▶ _Work to be completed_
Reproduce exactly the lines below from the one containing "IN ANSIA Preoccupati anche i giovani" through the one containing "polskich kompozytorów bywa", including both, and nothing else.

▶ _Records for this exercise_
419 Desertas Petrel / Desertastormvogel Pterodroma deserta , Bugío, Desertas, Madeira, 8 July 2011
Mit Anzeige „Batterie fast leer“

* * *

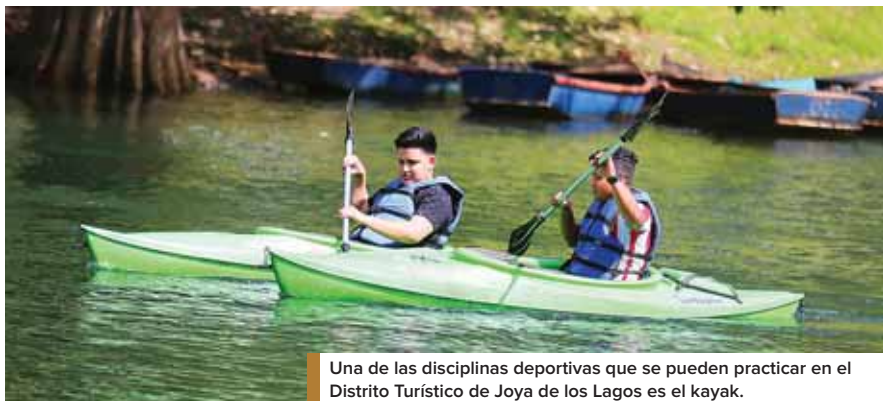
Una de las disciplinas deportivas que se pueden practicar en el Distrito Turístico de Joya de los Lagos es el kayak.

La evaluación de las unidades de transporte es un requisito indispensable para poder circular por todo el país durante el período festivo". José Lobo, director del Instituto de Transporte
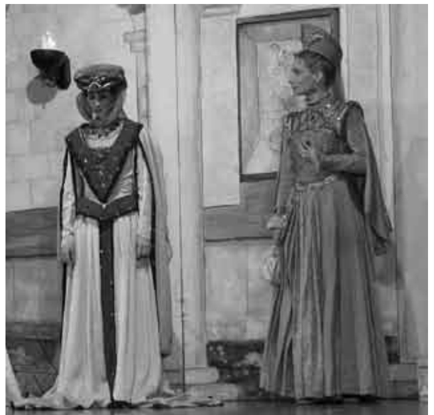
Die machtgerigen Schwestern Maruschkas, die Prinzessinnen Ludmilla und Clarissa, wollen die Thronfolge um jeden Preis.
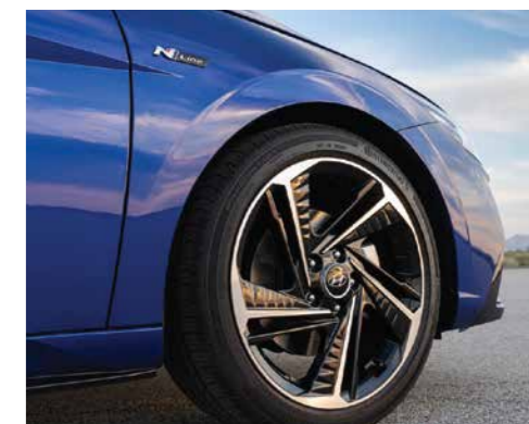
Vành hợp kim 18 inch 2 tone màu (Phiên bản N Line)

...

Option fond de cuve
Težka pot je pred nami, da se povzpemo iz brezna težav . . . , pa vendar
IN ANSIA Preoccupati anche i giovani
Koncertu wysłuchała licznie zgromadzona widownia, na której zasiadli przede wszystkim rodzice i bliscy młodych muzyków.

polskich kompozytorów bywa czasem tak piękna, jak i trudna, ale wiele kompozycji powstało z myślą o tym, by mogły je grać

▶ _Expected answer_
IN ANSIA Preoccupati anche i giovani
Koncertu wysłuchała licznie zgromadzona widownia, na której zasiadli przede wszystkim rodzice i bliscy młodych muzyków.

polskich kompozytorów bywa czasem tak piękna, jak i trudna, ale wiele kompozycji powstało z myślą o tym, by mogły je grać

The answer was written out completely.